Dataset section:
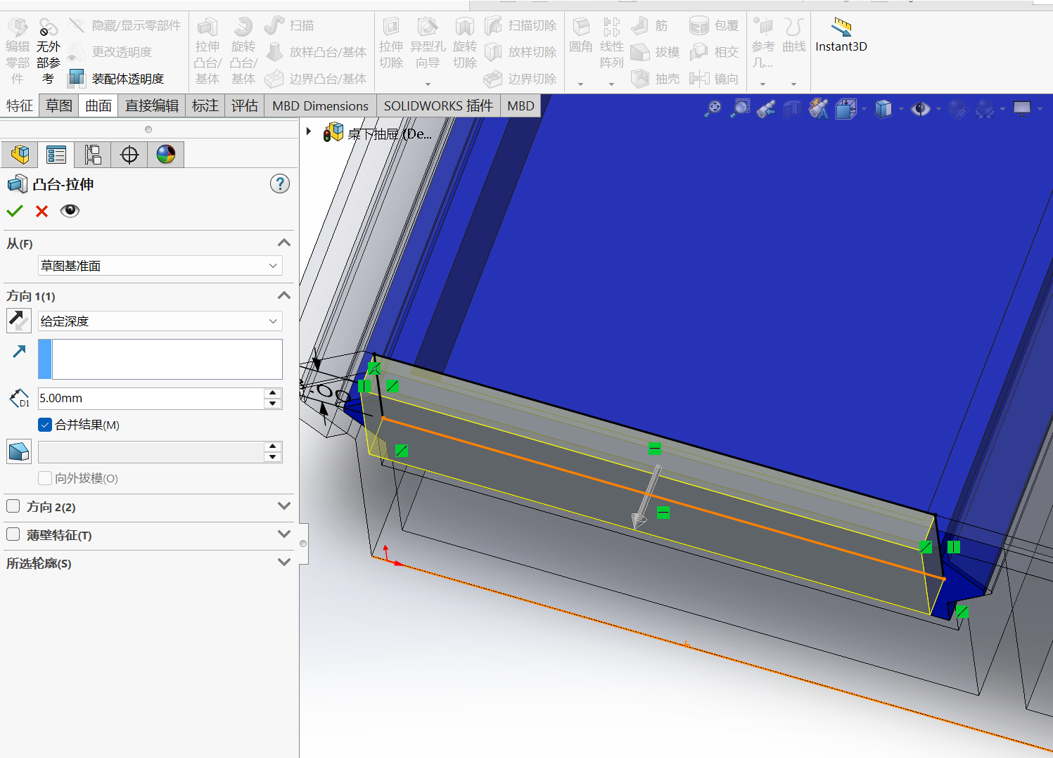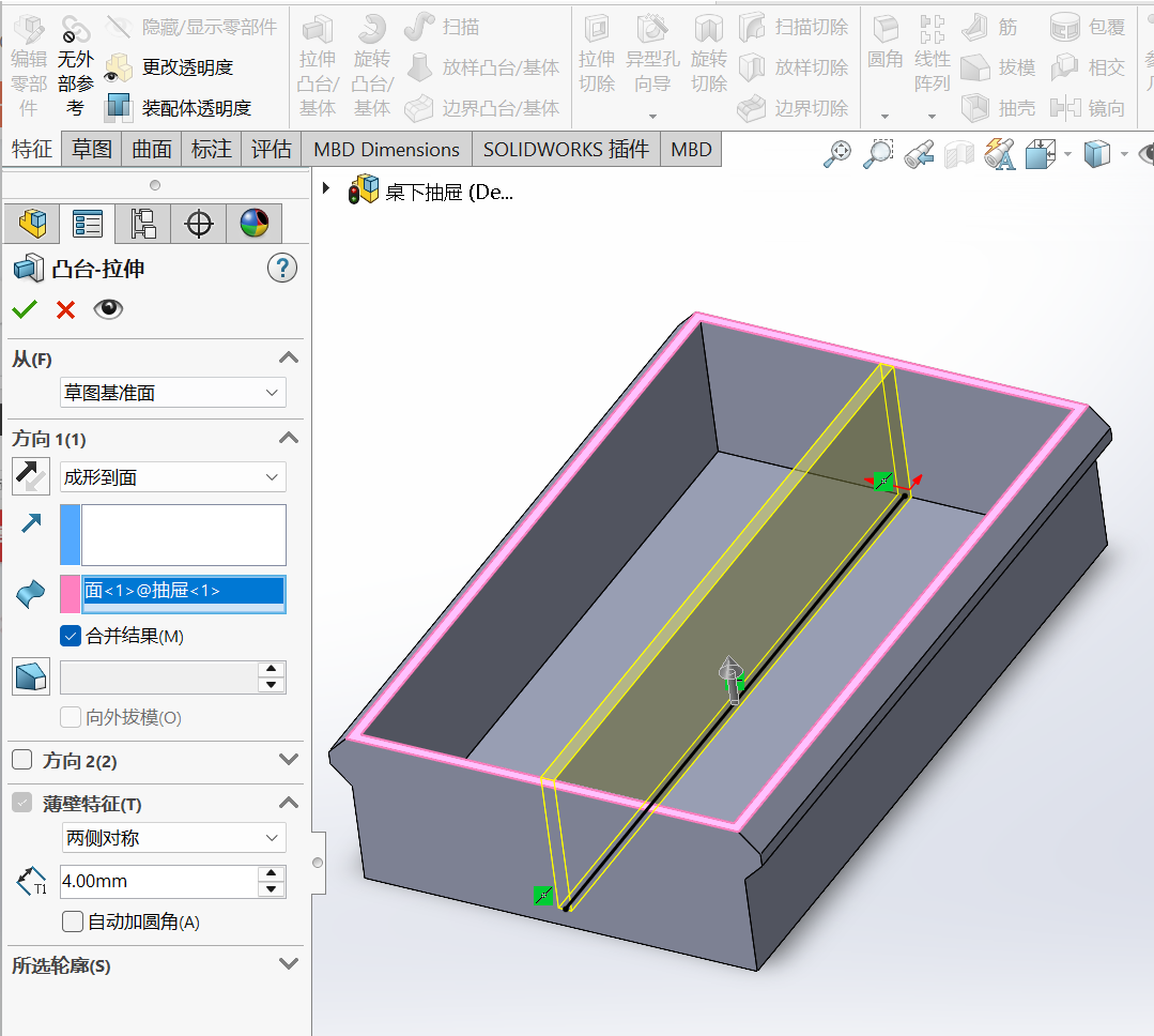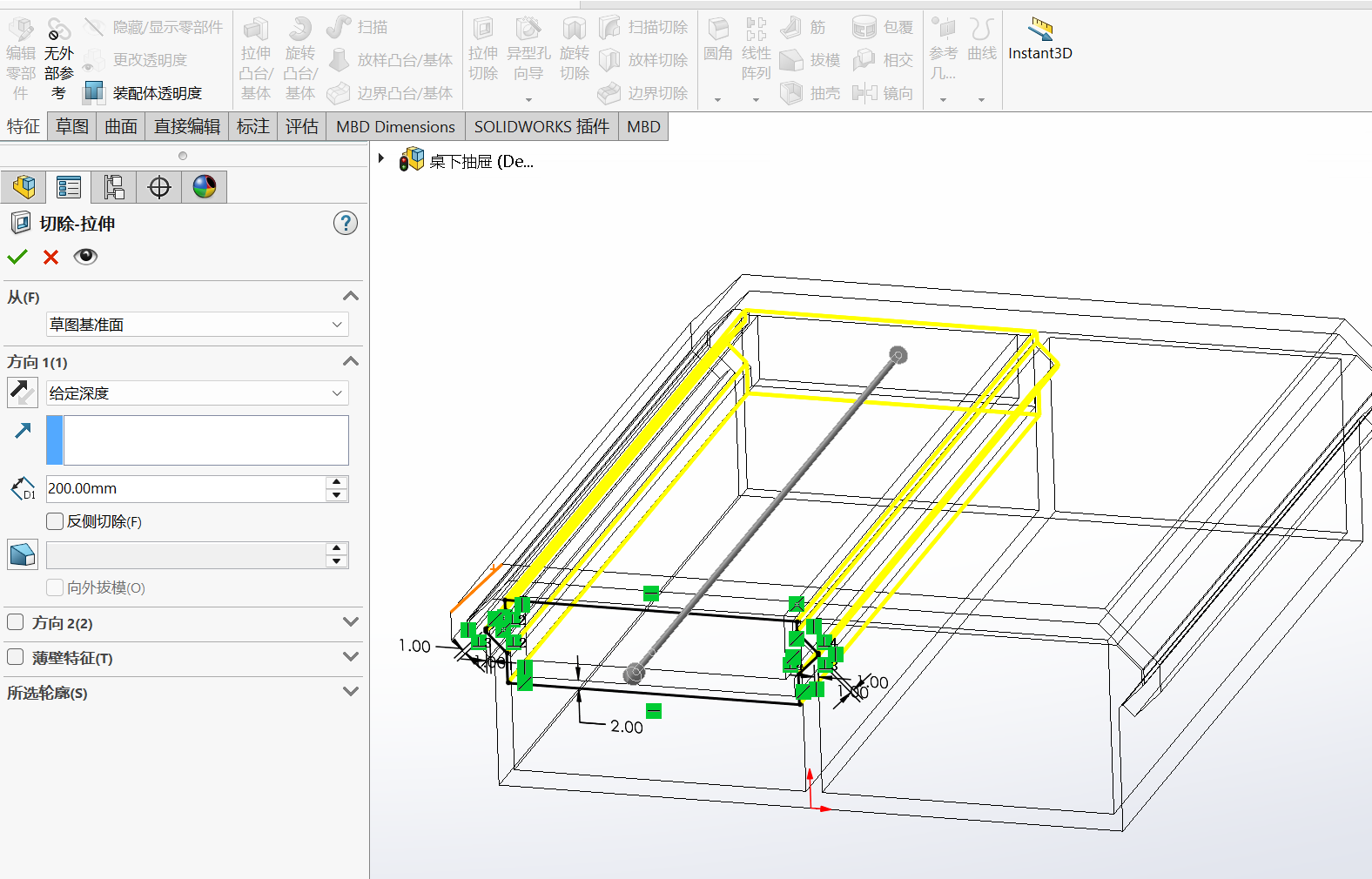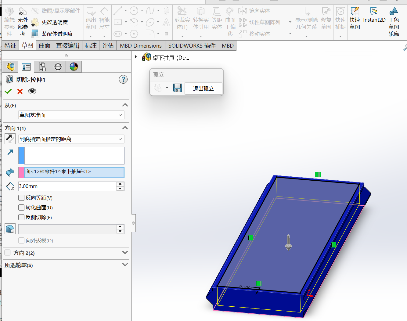 使用拉伸切除,切除抽屉中空部分,使用到离指定面指定的距离。
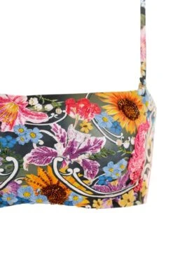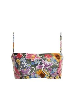 Our Georgina Bikini Top is a stunning canvas of artistry, fully embroidered by our skilled artisans. Experience versatility with removable straps, allowing you to achieve a chic strapless look. The illustrated flower print adds a touch of charm, making it the perfect piece for mixing and matching with any bottom from our collection.
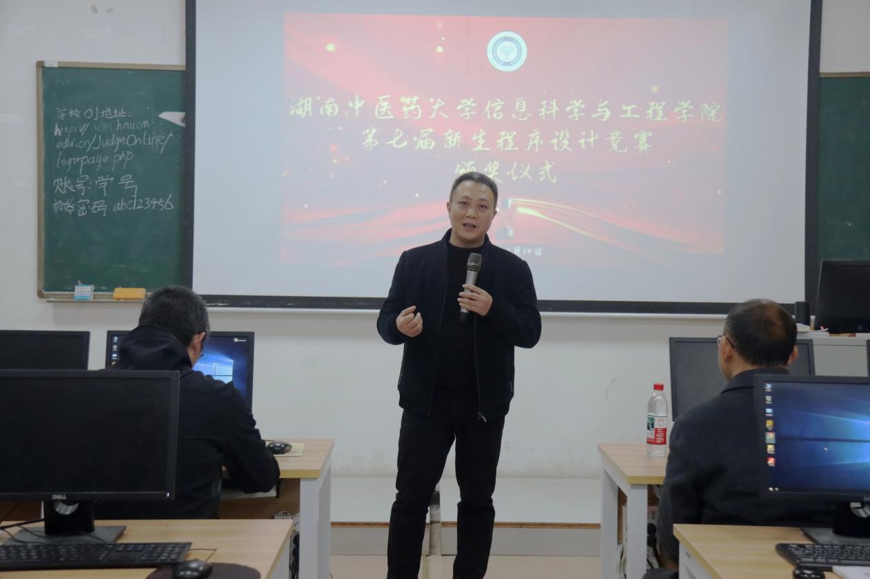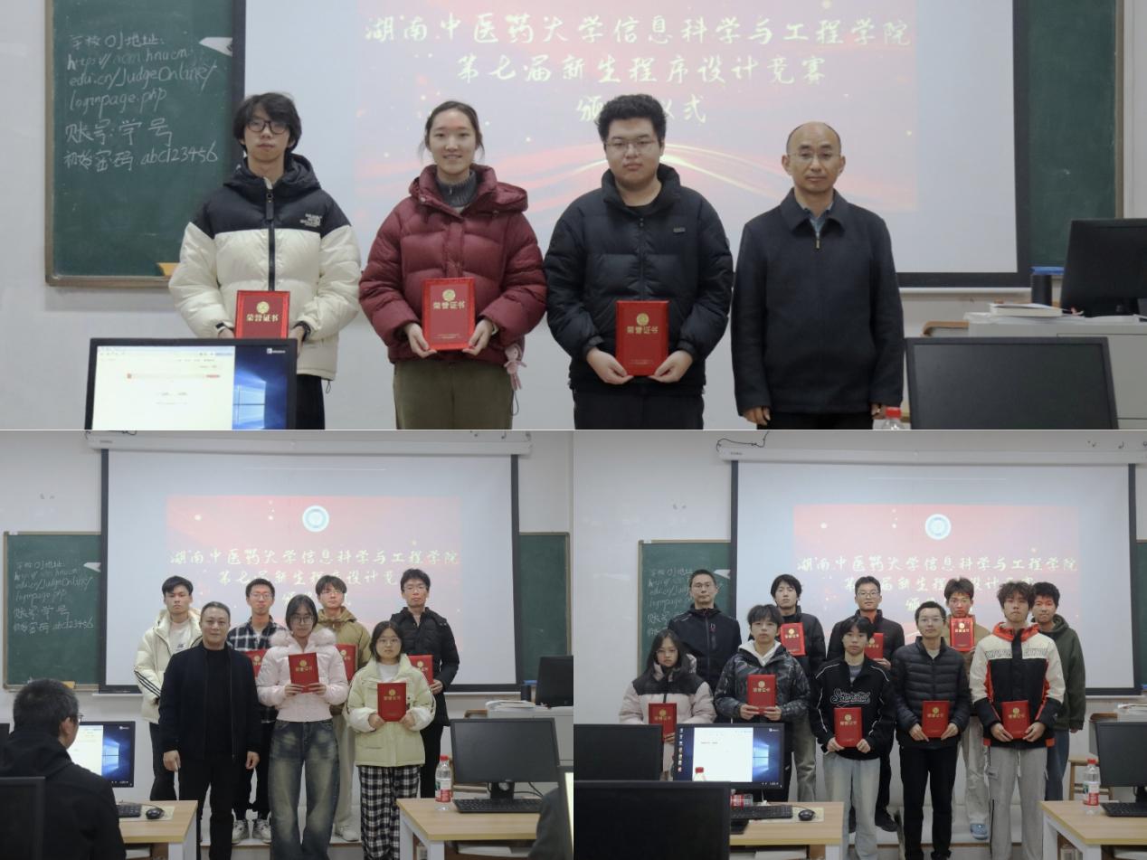 12月14日,信息科学与工程学院第七届新生程序设计竞赛在含浦校区图书馆后栋机房进行,学院党委书记陈志鹏,副院长刘伟,学生管理科科长、2025级学生辅导员胡良铨,2025计算机科学与技术4班班主任、学科竞赛指导教师况玲出席颁奖仪式。

What to do:
None of the pictures belong in the copy. Write out exactly the lines from the line that holds "Our Georgina Bikini" through the last line of the listing above, both ends included.

Output of the task:
 Our Georgina Bikini Top is a stunning canvas of artistry, fully embroidered by our skilled artisans. Experience versatility with removable straps, allowing you to achieve a chic strapless look. The illustrated flower print adds a touch of charm, making it the perfect piece for mixing and matching with any bottom from our collection.
 12月14日,信息科学与工程学院第七届新生程序设计竞赛在含浦校区图书馆后栋机房进行,学院党委书记陈志鹏,副院长刘伟,学生管理科科长、2025级学生辅导员胡良铨,2025计算机科学与技术4班班主任、学科竞赛指导教师况玲出席颁奖仪式。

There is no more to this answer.